The Ancient City of Nineveh
Entered into the World Heritage Tentative List in 2000
By Dr Mónica Palmero Fernández
The ancient ruins of the city of Nineveh now lie almost entirely engulfed by the urban sprawl of the city of Mosul. The ancient city enjoyed a prominent trading position in antiquity, rising to become the capital of the Assyrian empire in 705 B.C. under the reign of king Sennacherib, to support Assyrian expansion north- and eastwards. The city was finally destroyed in 612 B.C. The city has been the object of archaeological excavation since the mid-nineteenth century, mostly under the direction of the Englishman Austen Layard and Hormuzd Rassam, who was the brother of the British vice-consul at Mosul and a native of the city from a Christian family. Their discoveries are now largely housed at The British Museum in London, including the famous reliefs and the library from the palace of king Ashurbanipal.
While the proximity of the ruins to the modern town attracted the interest of explorers to the site, it also attracted the attention of Daesh militants after they captured the city in 2014. Videos showing Daesh militants defacing and destroying statues and reliefs in Mosul Museum went viral, although the large majority of artefacts had been safely sent to Baghdad for safeguarding and many of the items shown were replicas.
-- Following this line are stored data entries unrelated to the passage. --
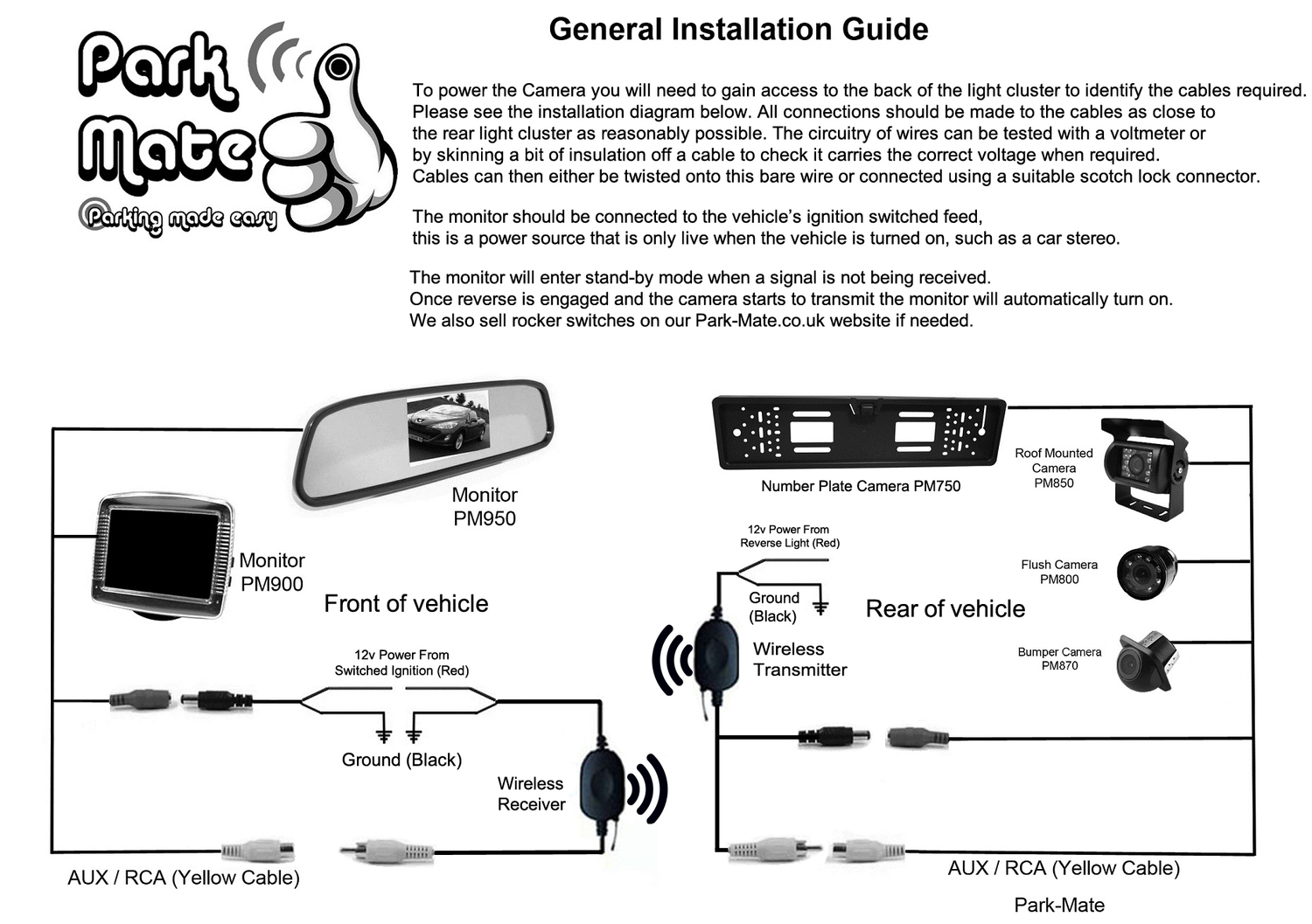 The Park Mate PM690 3.5'' TFT LCD colour monitor is a compact dash-mounted screen (includes self-adhesive pad) Comes with its own power cable. The reversing camera is a small adjustable box colour camera, which is mounted to the rear of the caravan. The base plate can be fixed to the bodywork with 2 small screws (included) A wireless module is then connected to the reversing feed of the caravan, which the camera plugs into. Another wireless module is then connected to a live feed on the ignition or radio (or connect to a rocker switch, found on the Park-Mate website) where the monitor plugs into. When the caravan is engaged into reverse, this will power the wireless module’s, giving approx 80m wireless range. 2x snap connectors supplied - simply insert the wire inside the connector, connect to the positive cable on the reverse light, squeeze the contact down flush with the connector and snap the hinged cover in place. It's that easy! Fitting guide can also be found at the bottom of the Park-Mate website.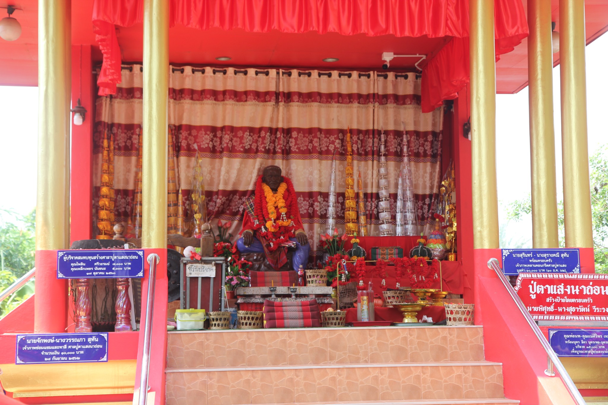 เริ่มต้นการท่องเที่ยวในชุมชนบ้านนาถ่อนด้วยการสักการะ ศาลปู่ตาแสง ซึ่งเป็นที่เคารพของคนในชุมชน และได้รับการต้อนรับจากเจ้าที่ที่คอยดูแลการท่องเที่ยวเชิงวัฒนธรรมของชุมชนบ้านนาถ่อน ซึ่งเป็นชาวบ้านในหมู่บ้านนาถ่อนพัฒนาค่ะ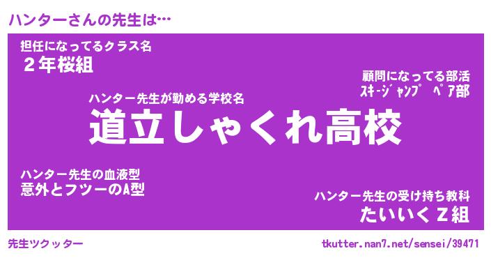 | 意味不明あだ名 | 『ペロリンハンター』『永久保存ハンター』 |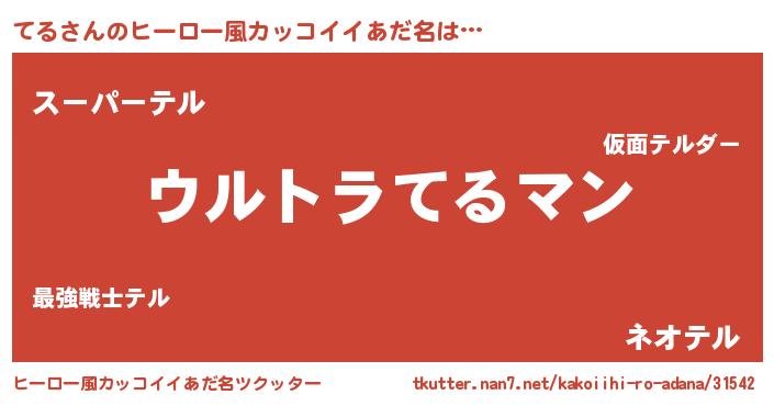 | 男性向けラノベタイトル風あだ名 | 『うちのてるが世界を掌握している!』 |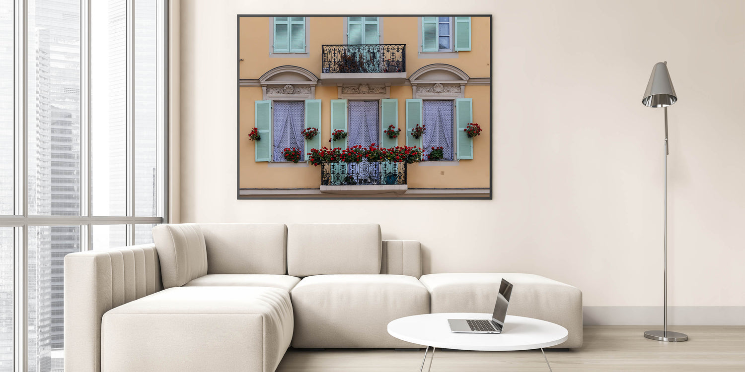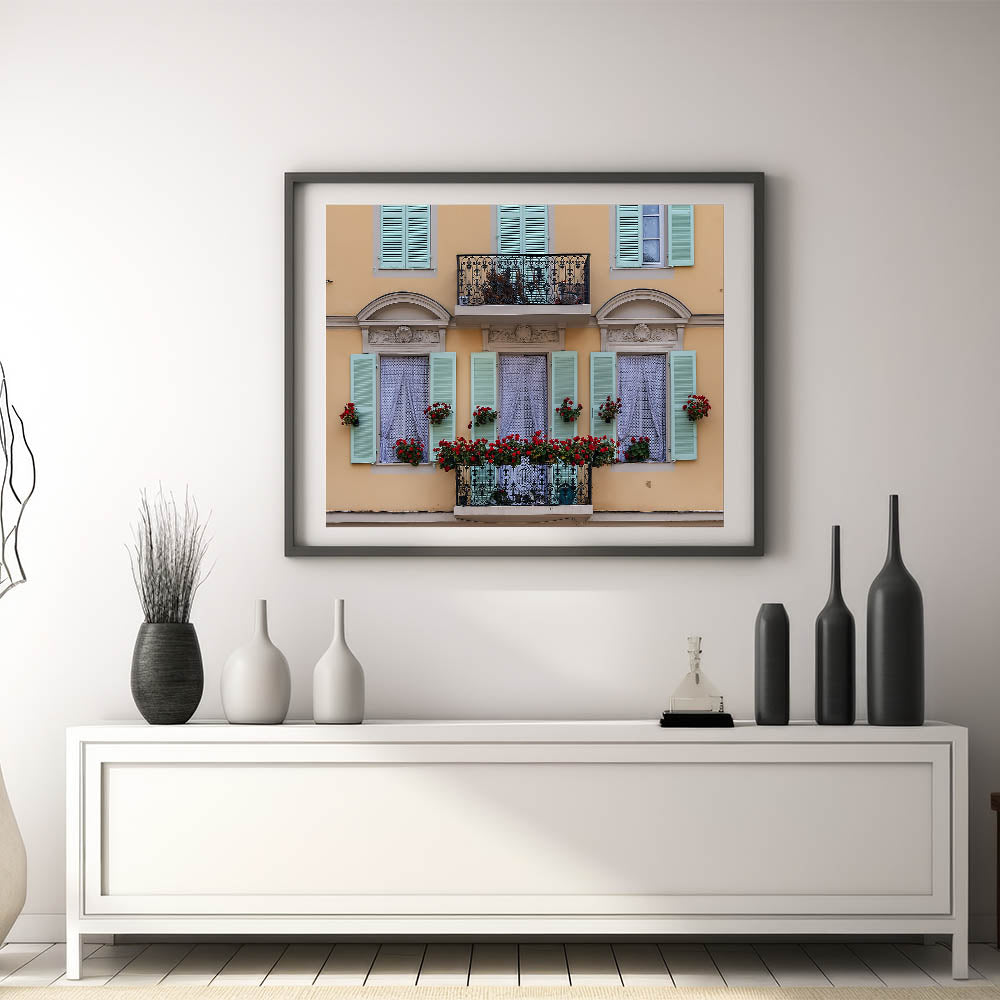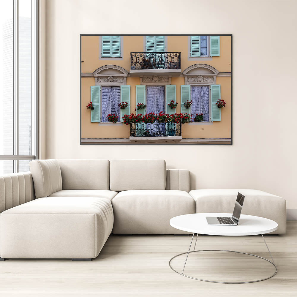 Add a touch of elegance and charm to your space with this beautiful Nice France Wall Decor. This artwork captures a picturesque balcony adorned with vibrant red flowers and pastel green shutters, creating a quintessentially French scene. The intricate ironwork on the balcony and the soft yellow facade bring a timeless elegance to this Scenic Nice Canvas, making it a perfect piece for those who appreciate the delicate beauty of European architecture and design.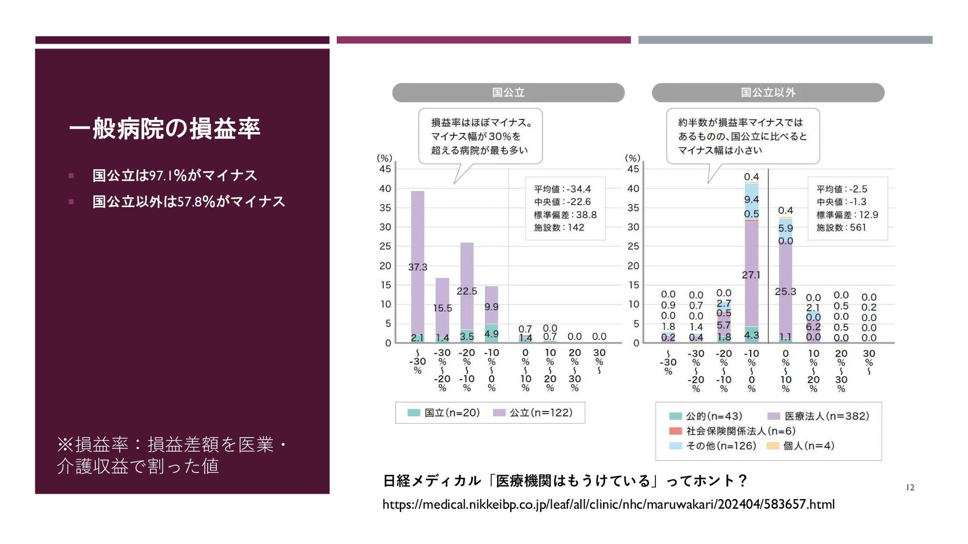 一般病院の損益率 国公立は97.1%がマイナス 国公立以外は57.8%がマイナス 日経メディカル「医療機関はもうけている」ってホント? https://medical.nikkeibp.co.jp/leaf/all/clinic/nhc/maruwakari/202404/583657.html ※損益率:損益差額を医業・ 介護収益で割った値 12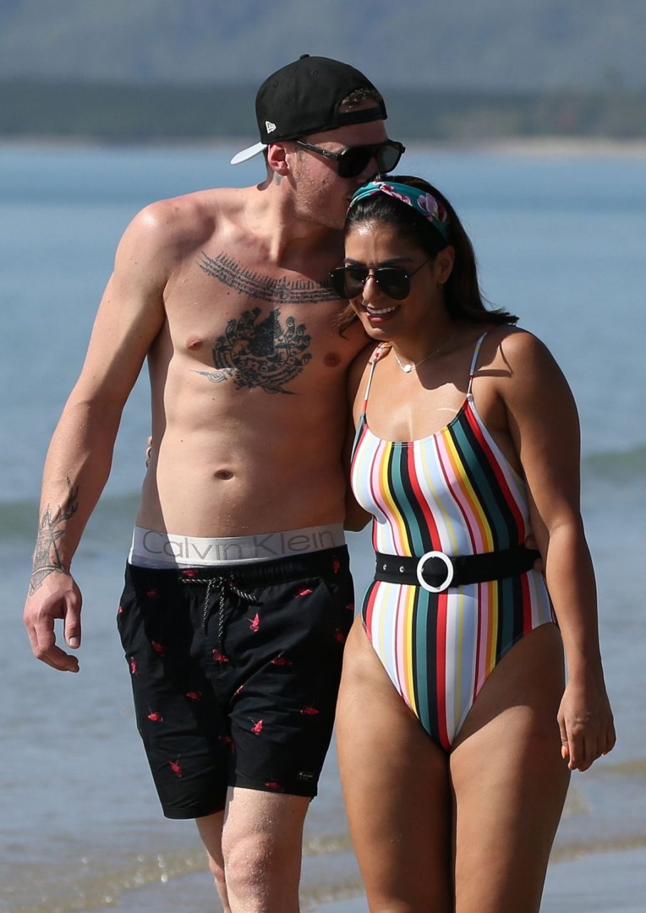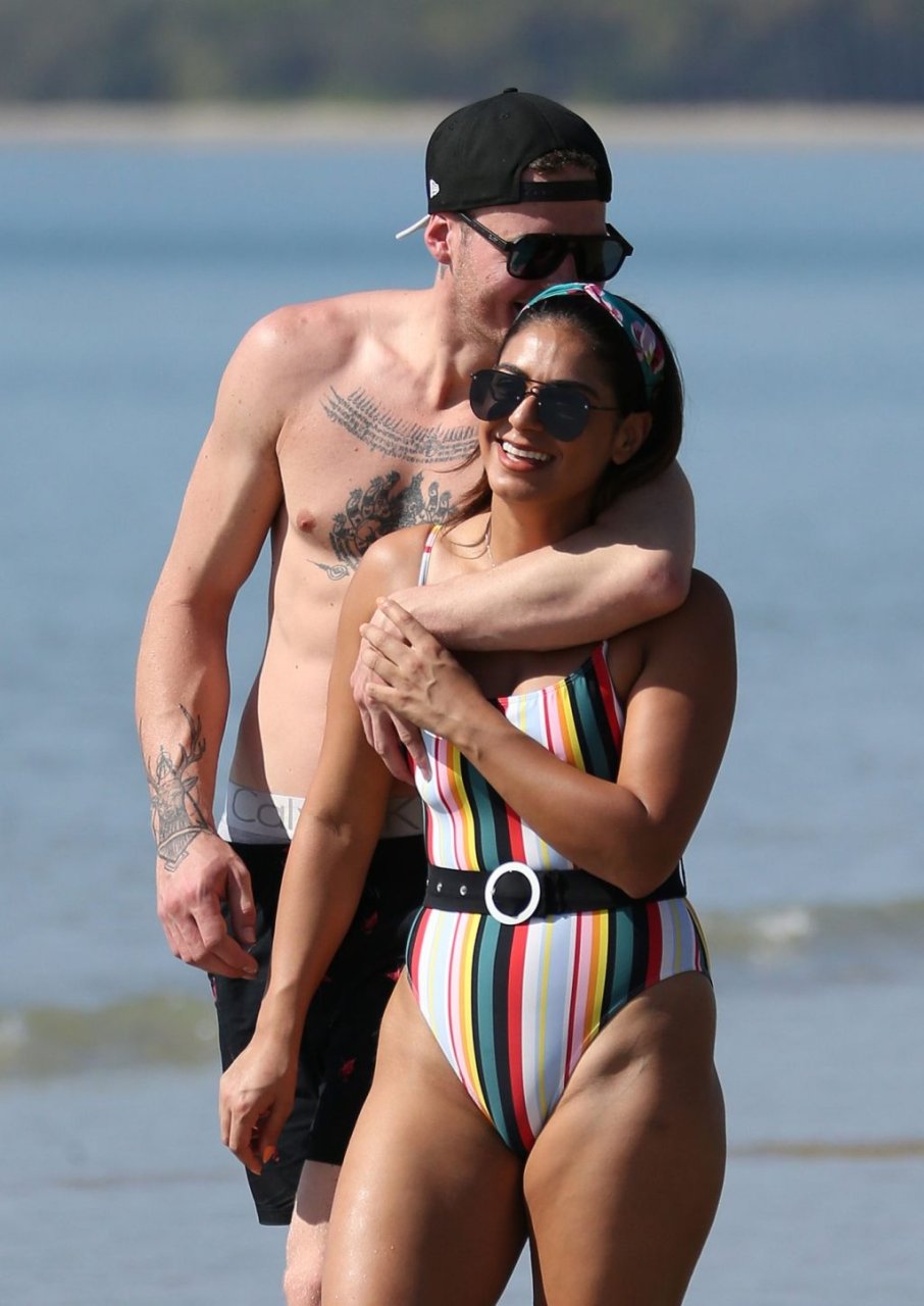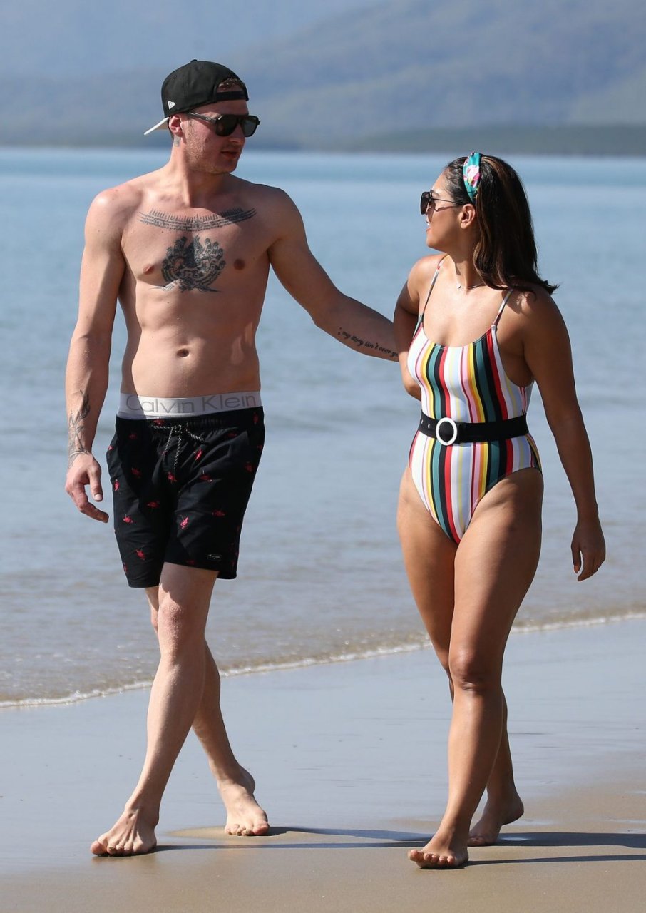 La concursante de la serie de televisión The Bachelor 7, la Princesa Persa Danush Deravi, muestra su cuerpo de playa mientras pasa las vacaciones con su novio Hamish Relf, un fontanero comercial que conoció en una fiesta de Navidad en diciembre antes de que comenzara el programa The Bachelor. Los dos reavivaron su romance cuando ella fue rechazada por el soltero Matt Agnew después del primer episodio. Mientras estaban en el tropical norte lejano de Queensland, la pareja disfrutó de un tour por la Gran Barrera de Coral y una excursión al Bosque Lluvioso Daintree en Queensland, Australia, 09/08/2019.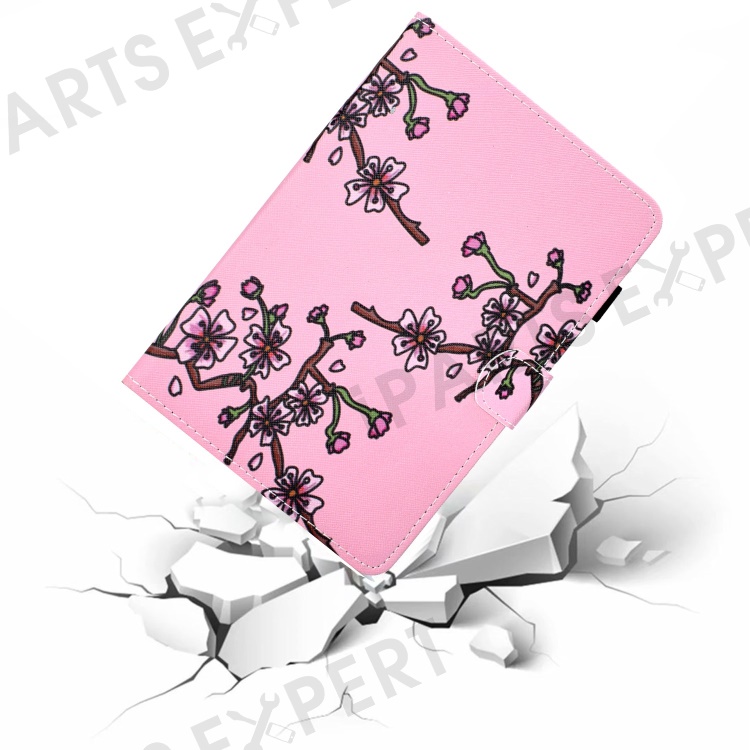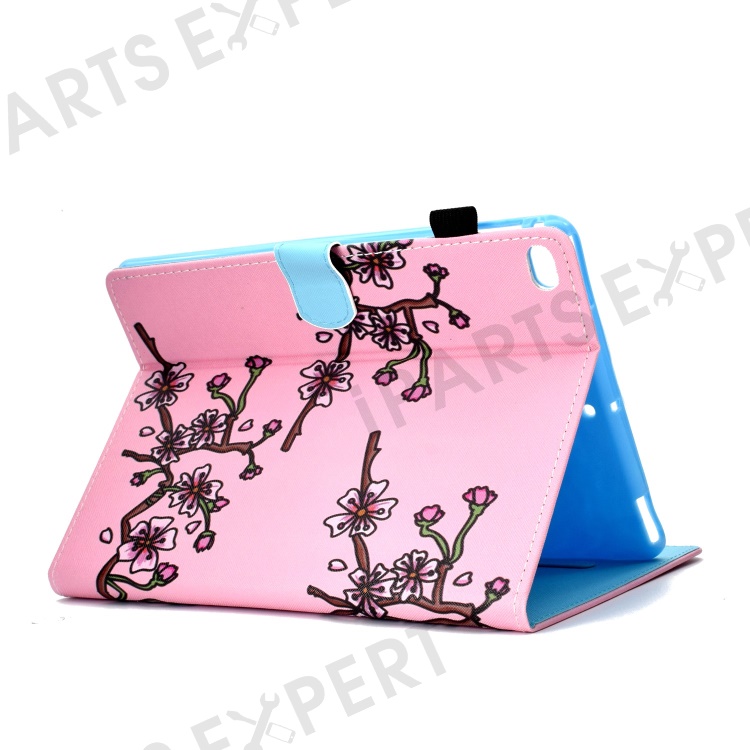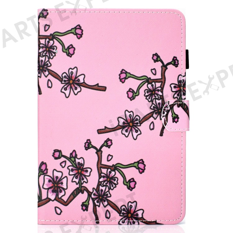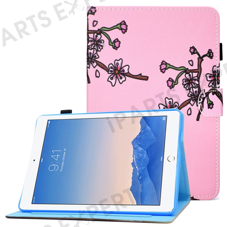 For iPad Air (2013) / Air 2 / iPad 9.7-inch (2017) / (2018) PU Leather Tablet Case Stitching Pattern Printing Stand Cover with Card Holder - Pink Plum Blossom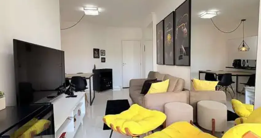 Com uma área de 60m², o apartamento conta com uma sacada, área de serviço, banheiro social, varanda, cozinha equipada com armários, interfone, ar condicionado, sala de estar e varanda fechada com vidro, proporcionando um ambiente aconchegante e funcional.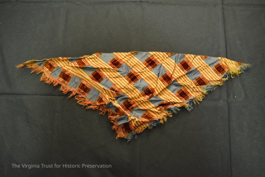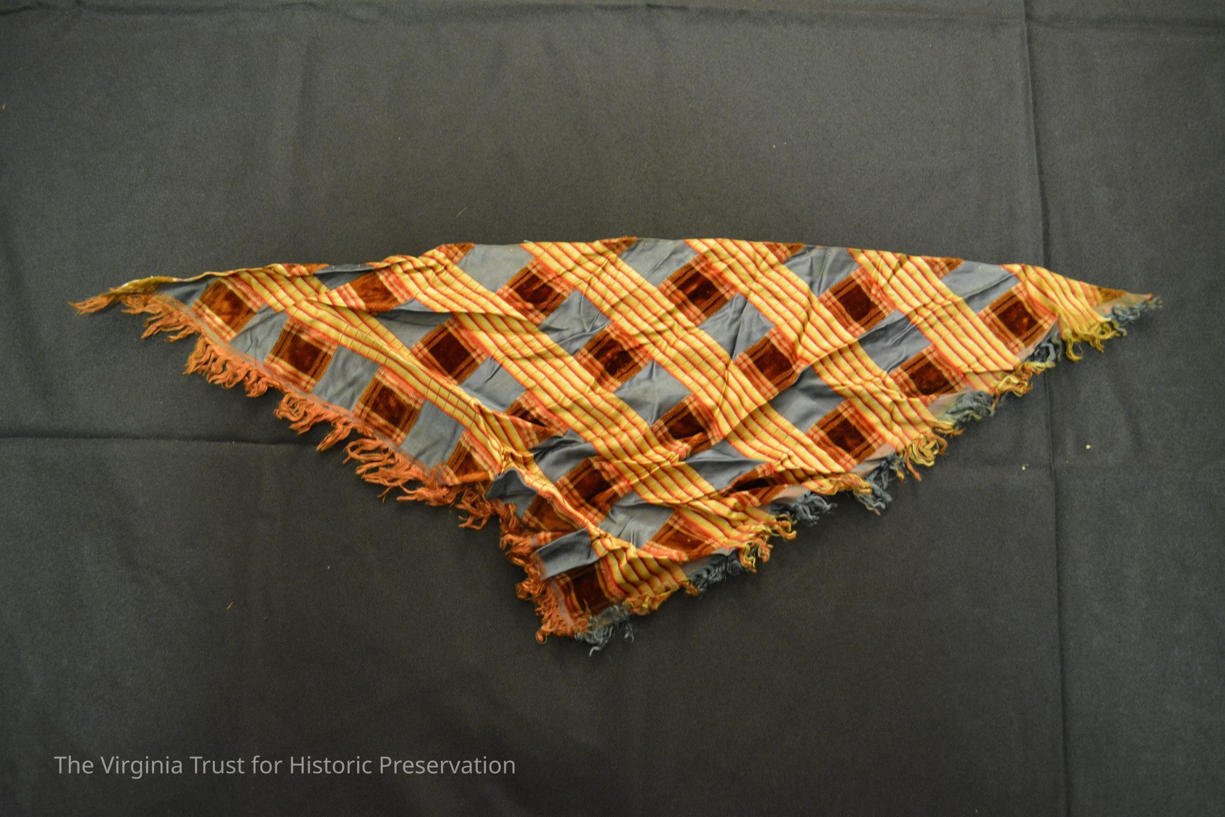 Triangular fabric kerchief with fringed edge. Blue, brown, and gold plaid fabric.
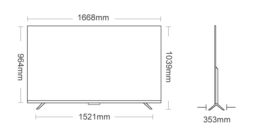 | Kích thước tivi | Kích thước có chân đế: 1668 x 1039 x 353mm |

Mosul’s exiled governor Atheel al-Nujaifi later specified that two items were real and were destroyed: an Assyrian winged bull and the God of Rozhan. Daesh had declared the Assyrian exhibit in the museum as blasphemous and idolatrous.
The ancient city of Nineveh was surrounded by a 12 km long monumental wall and gates, the remains of which have been explored to some extent by archaeologists. One of the gates, named the Adad Gate after the Mesopotamian storm god, had been partially restored in the 1960s before it was destroyed by Daesh in April 2016. The main mound in the city, called Kuyunijk, has revealed an occupation that spans from c. 6000 B.C. until 600 A.D. The Neo-Assyrian levels in the mount have been extensively explored, although little is known from the earlier life of the city. A smaller mound was occupied by a mosque built within the remains of an older Christian monastery: Tell Nebi Yunus, or Tomb of the Prophet Jonah as it was believed he had been buried there. Due to its modern occupation, the mound had not been investigated in detail, although it was believed to be the location of the “armory” complex, or perhaps the palace of king Sennacherib. In 2014, the mosque was blown up and razed by Daesh troops, who also filmed the act in their habitual manner. It was not until the liberation of the city in 2017 that archaeologists discovered the impact of the destruction as they began to explore a series of tunnels the militants had dug below the ruins of the mosque which revealed an untouched Assyrian palace, probably that of Sennacherib. These tunnels constitute explicit evidence of Daesh’s use of tunnelling in ancient ruins to loot artefacts likely to be sold in the black market. Today, it is possible to visit the tunnels virtually thanks to an expedition by BBC Arabic.
Although the greatest threat to Nineveh has been the purposeful actions by Daesh, the site is also threatened by the expanding residential areas, which continue to encroach on the ruins, as well as by the ailing Mosul Dam. If the dam fails, it could submerge the entire city under as much as 45 feet underwater and kill around 1m people.